Question fréquentes de potentiels acheteurs :
Le Suzuki S-Cross 1.4 Boosterjet est-il fiable ?
Globalement oui, c’est l’un des SUV compacts essence turbo les mieux notés de son segment sur la fiabilité mécanique. L’absence de défaut chronique documenté sur le bloc moteur, la distribution par chaîne et la réputation générale de Suzuki en font un choix raisonnablement serein à condition de sélectionner un exemplaire bien entretenu.
Quelle génération de S-Cross Boosterjet privilégier en occasion ?
La gen 2 (depuis 2022) avec micro-hybridation 48V est la version la plus aboutie, mais reste peu répandue en occasion à prix abordable. En gen 1, privilégier les versions post-2020 qui bénéficient des corrections sur les bobines et l’électronique. Un exemplaire 2020-2021 avec historique complet est un bon compromis rapport qualité-prix.
Le S-Cross 1.4 Boosterjet consomme-t-il beaucoup ?
En usage mixte réel, entre 6,0 et 7,0 l/100 km selon le style de conduite et la configuration (2RM ou AllGrip). La version micro-hybride 48V améliore légèrement ces chiffres, particulièrement en usage urbain où la récupération d’énergie est plus fréquente.
Faut-il choisir la boîte manuelle ou automatique sur le S-Cross 1.4 ?
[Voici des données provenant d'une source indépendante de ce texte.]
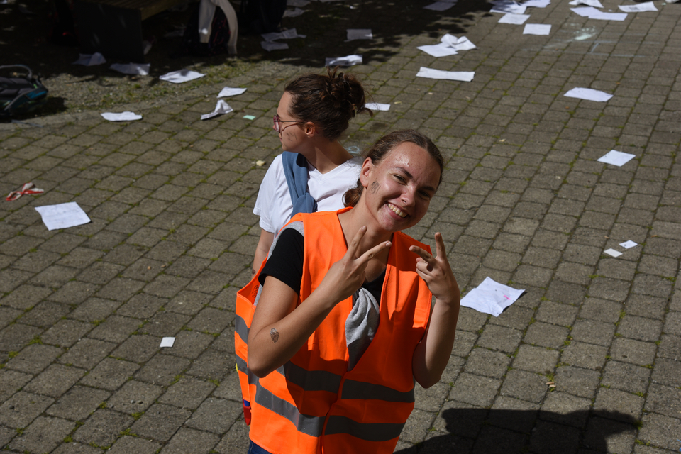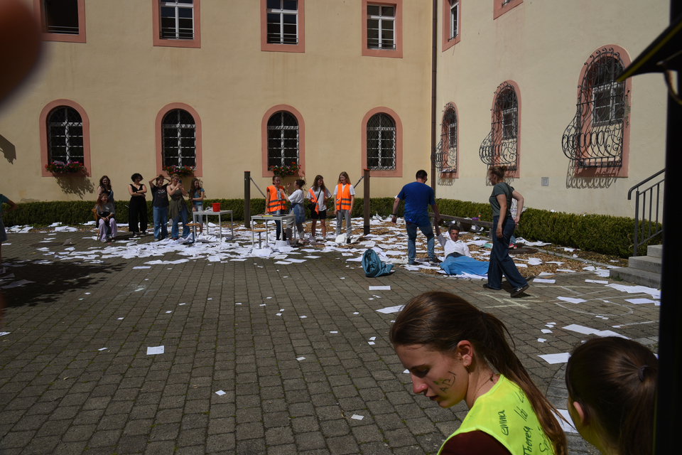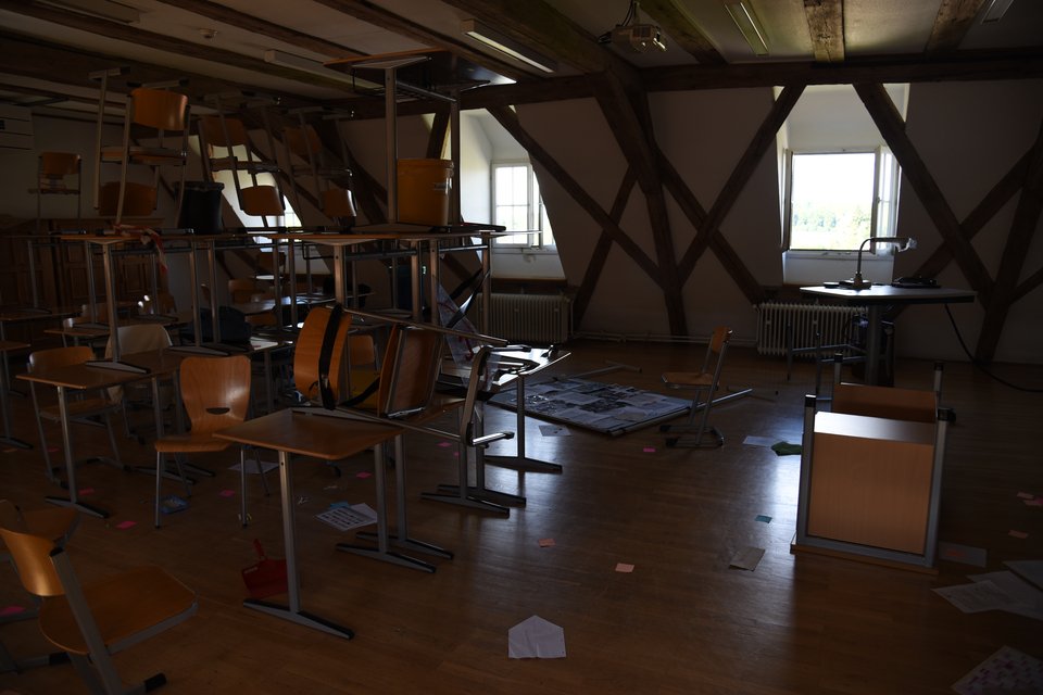 Positiv zu erwähnen ist, dass nach all dem Schindluder, den die Schülerinnen getrieben haben, alle aus der Stufe mitgeholfen haben, das Schulgebäude wieder begehbar zu machen, alles aufzuräumen und zurückzustellen, so dass schon der Nachmittagsunterricht wieder ungestört stattfinden konnte.

La boîte manuelle 6 rapports est la référence pour l’agrément de conduite et la fiabilité. La boîte automatique 6 rapports est une alternative convenable mais mérite une vérification de l’historique de vidange avant achat.
Un SUV compact qui joue la carte de la discrétion
Le Suzuki S-Cross 1.4 Boosterjet n’est pas la voiture qui fait le plus parler d’elle. Il ne cherche pas à impressionner par les chiffres ou par le badge. Sa valeur est dans la régularité : un moteur qui ne pose généralement pas de problème, un entretien accessible, une consommation raisonnable et la disponibilité d’une vraie transmission intégrale pour ceux qui en ont besoin. Pour un acheteur qui cherche un SUV compact fiable sur le long terme sans se laisser séduire par des promesses technologiques plus risquées, c’est un candidat sérieux à inclure dans la liste.